Auch in Stradaunen war ich in diesen Tagen, weil ich auf dem Amtsgericht wegen der Auflassung zu tun hatte. Fräulein Trudchen liebt nach wie vor den jeweilig jüngsten Referendarius, aber ich glaube nicht, daß sie bei dieser Tätigkeit den gewünschten Erfolg erzielen wird. Die jungen Juristen heutzutage sind flatterhaften Sinnes, schwärmen nicht mehr für Chopin und wissen ein gediegenes Herz unter unscheinbarer Hülle nicht zu schätzen. Ich glaube, sie wird ihre Tage als Klavierlehrerin beschließen.
Das Grand Hotel steht noch immer, und Herr Popiella läßt Dich in hochachtungsvoller Erinnerung an die trotz achttägigen Aufenthalts voll bezahlte Vierteljahrsmiete bestens grüßen. Er hat sich von dem Sündengeld eine neue Veranda gebaut.
An dem langen Stammtische der Mittagsgesellschaft lauter neue Gesichter, nur der Herr Provisor thront nach wie vor auf dem Präsidentensitz als letzte Säule entschwundener Pracht. Das Wiedersehen war schmerzlich bewegt, und seine erste Frage galt Dir!
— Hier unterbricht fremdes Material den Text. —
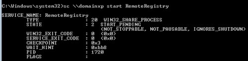 C:\Windows\system32>sc \\domainxp start RemoteRegistry

Du bist seine glorreichste Erinnerung, und ich glaube, er wartet nur auf das Hinscheiden des letzten lebenden Augenzeugen — Herr Popiella ist stark asthmatisch geworden von seinen ewigen Erwärmungsgrogs, aber erfreut sich immer noch eines ungetrübten Gedächtnisses — also Herr Kellmigkeit wartet auf sein seliges Ende, um seiner Erzählung von dem mit Dir ausgefochtenen Pistolenduell einen explosiven Schlußeffekt geben zu dürfen. Ich teilte ihm mit, ich hätte damals zur Verhinderung jedes blutigen Ausganges die Pistons der beiden Mordinstrumente feuersicher verstopft, und wir schieden in erheblicher Verstimmung. Aber ich vermute, nach einigen Jahren wird man Dich schwerverwundet von dem Schauplatze des Zweikampfes tragen, und nur seinem Edelmute wird es zu danken sein, daß er seine berühmte Schießfertigkeit nicht besser ausnützte, Dir die wohlverdiente Todesstrafe erließ. Ich habe selbst genug Jagdgeschichten erzählt in meinem Leben und glaube ihr allmähliches Wachstum aus schüchternen Anfängen zu kennen.
Ich bin ins Plaudern geraten, aber ich plaudere gern mit Dir, Peterlein, und ich meine, die Freundschaften sind nicht immer nach dem Scheffel Salz zu messen. Vielleicht wirst Du in Deinem ernsthaften Sinn denken, welche Unbeträchtlichkeiten in so schwerer Stunde! Aber wenn es ans Abschiednehmen geht, werden die Kleinigkeiten wertvoller als große Erlebnisse.